My son eats three foods. And this is making me insane.

Okay, maybe a little more than three. Here’s the list. Anyone who’s not a parent is signing off right abouuut… now, so without shame I can show the rest of you…

Everything My Son Will Ingest:

Milk and soy milk






American cheese

Macaroni and cheese

Ricotta cheese with pasta (but only certain shapes, and those rules change all the time)

Ravioli (sometimes, and you will never know when



Hummus (when he’s feeling generous)

All forms of pudding

Ice cream (duh), cookies (dar)

And that’s it! And don’t think I’m forgetting something. “Surely pizza!” you might say, but no, not pizza. “What about bagels? Every kid loves bagels!” Not my kid. Shut up.

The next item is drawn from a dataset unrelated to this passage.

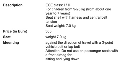 În primul rând să știți că fiecare scaun testat de ADAC are o pagină proprie unde este descris ce avantaje și dezavantaje are; din pagina principală cu lista scaunelor supuse la testare dacă dați click pe numele scaunului veți putea deschide pagina cu detalii, și vă încurajez să o faceți chiar dacă este în limba germana, cine știe limba are noroc cine nu, ca mine 🙂 se descurcă cu google translate, și mulțumim că a fost inventat 🙂

I know this is a control thing. I know if I make a big deal, or any kind of deal, over this, it’s only going to get worse. I know many kids go through this. I know he’ll grow out of it, someday, maybe. But right now it makes me nuts at just about every meal. Okay, not breakfast. Breakfast is okay. And for lunch, I’ve just given up—I hand him his two containers of yogurt and I lie down on the ground until he calls for me. So really it’s just dinner.

Last year at Thanksgiving I broke down in tears because he wouldn’t consider a single food. Not a cranberry, not a single chunk of yam. Turkey? HAHAHAHAHA. At some point during his second year he fixated on macaroni and cheese as the Ideal Dinner, and this festive evening was no different. So my sister said, “Just give him macaroni and cheese every night. He’ll get sick of it.”


So here we are, over one year later. Every night, either Annie or Amy provides him with his dinner. (I have tried making it myself, but homemade macaroni and cheese was deemed the worst crime any mother could commit.) For a while he would enjoy peas or green beans with it, but no more will he even tolerate the sight of the green horrors. Such an atrocity cannot even remain on his plate.

And fruit! Oh, how he used to love fruit! Clementines and mango and bananas and apples and everything else! Kid liked fruit!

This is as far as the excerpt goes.